Ella le había explicado lo de sus Relaciones Públicas. Había bebido más de la cuenta y notaba que a veces se le iba el santo al cielo. Alejandro le preguntó por el marido. «Ha salido esta tarde hacia Madrid. ¡Estoy solterita!»
Tratando de mortificar a Eulalia, se colgó del brazo de Alejandro. Reía mirando a «aquella mujer». Provocando sus celos.
«Aquella mujer.» Mientras Nuria la acompañaba en su coche a casa, Sofía pensaba en lo injustos que suelen ser los juicios de las personas. Un par de años antes había juzgado mal a Eulalia. Influida sin duda por la opinión de la familia, pensaba que era poco menos que una prostituta. Una loca sin dignidad que se largaba con el primero que venía a cuento. Ahora, en cambio, no se atrevía a juzgarla, quizá porque veía en ella un poco su propio futuro.
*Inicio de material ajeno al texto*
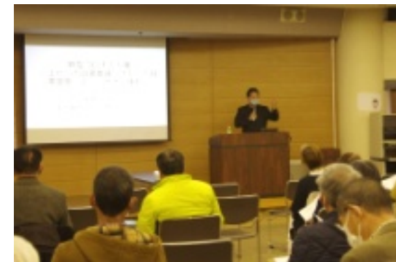
コロナと人権講演会

貧困、④貧困が子供の教育環境に影響、⑤外出の自粛・移動制限、⑥DVの増加、を挙げ、憲法的評価を解説。それらは、憲法13条、14条、22条、24条、25条、26条、29条への侵害となり、また、感染者やその危険性のある人たち等への差別、ネットでの批判は、同13、14条侵害になります。個人の生命、安全、健康、雇用、教育、財産、暮らしを守らなければならない政府は、科学的根拠に基づかない不適切な対策を、後手後手に振ってききました。そういう政府に

Estaba nerviosa cuando llegó a su casa. El dormitorio, sin la presencia de su marido, le pareció más suyo. Se quitó el maquillaje y se desnudó completamente. Vio su cuerpo flotando en el espejo y pensó que también había fallado al juzgarse a sí misma. Si había nacido así, si provocaba a los hombres sin proponérselo, por algo sería. No tenía por qué atormentarse. En cualquier caso siempre era mejor dejarse llevar por al vida sin torturarse demasiado. Recordó las advertencias de su madre. Incluso le parecía oír su voz. «Sofía, hija, no mires así. Ni te rías de esa forma. Piensa que tienes unas facciones, ¿cómo te diría yo? Provocativas. O no. Grandes. Eso es. Demasiado vistosas. Y llamas la atención. ¡Y no camines de esa forma! Las caderas no se mueven. Y esconde el pompis. Pero no me saques el pecho, Sofía. ¡Ay, esta hija!» A medida que se iba haciendo mujer,^ los sermones de la madre aumentaban en frecuencia, hasta convertirse en algo obsesivo. Especialmente para Sofía, en cuyo carácter crecía un vago sentimiento de culpabilidad. Tampoco las monjas perdían de vista el horrible lazo azul a topos blancos con que disimulaba sus grandes senos. Ni la vitalidad que había en su exuberancia de adolescente. Más tarde, en la Facultad, tuvo que poner cara de palo para espantar a los moscones. Sabía que, para algunos de ellos, era «doña Estirada». Pero era el único modo de pasar inadvertida entre las compañeras.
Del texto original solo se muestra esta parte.